Эллен стоит в комнате для примерки и смотрит на себя в трюмо. Все явственнее пахнет горящей материей. Она нервно ходит взад и вперед, потом выходит стеклянной дверью в коридор, увешанный платьями, ныряет в облако дыма и видит сквозь пелену слез, застилающую глаза, большую мастерскую, визжащих девушек, которые мечутся вокруг мадам Субрин. Мадам Субрин направила огнетушитель на обуглившийся ворох материи на полу у стола. Кто-то стонет в этом ворохе; из него вытаскивают тело. Краем глаза Эллен видит руку в лохмотьях, сожженное черно-красное лицо.
– Ах, миссис Херф, скажите, пожалуйста, дамам в приемной, что ничего не случилось… Абсолютно ничего… Я сейчас приду сама! – пронзительно кричит ей мадам Субрин.

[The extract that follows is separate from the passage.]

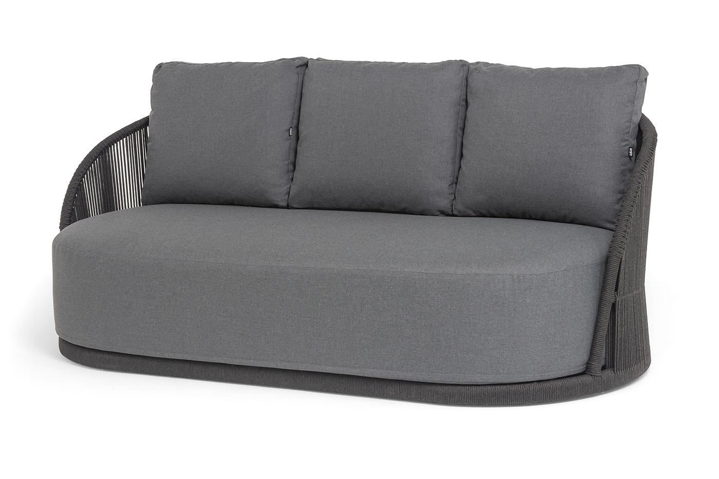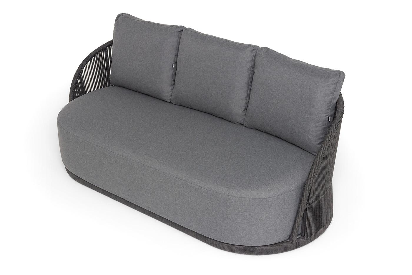 Диван 4SIS "Монтелла" диван 3-местный плетеный из роупа, каркас алюминий темно-серый (RAL7024) муар, роуп темно-серый круглый, ткань темно-серая 027 арт. MONT-S-3-001 RAL7024 Mua D-grey(D-gray027)

Закрыв глаза, Эллен бежит по наполненному дымом коридору в комнату для примерки. Когда ее глаза перестают слезиться, она приподымает портьеру и выходит к встревоженным дамам в приемную.
– Мадам Субрин просила меня передать, что ничего, абсолютно ничего не случилось. Загорелась кучка мусора… Она сама потушила ее огнетушителем.
– Ничего, абсолютно ничего не случилось, – говорят друг другу дамы, опускаясь на диваны стиля ампир.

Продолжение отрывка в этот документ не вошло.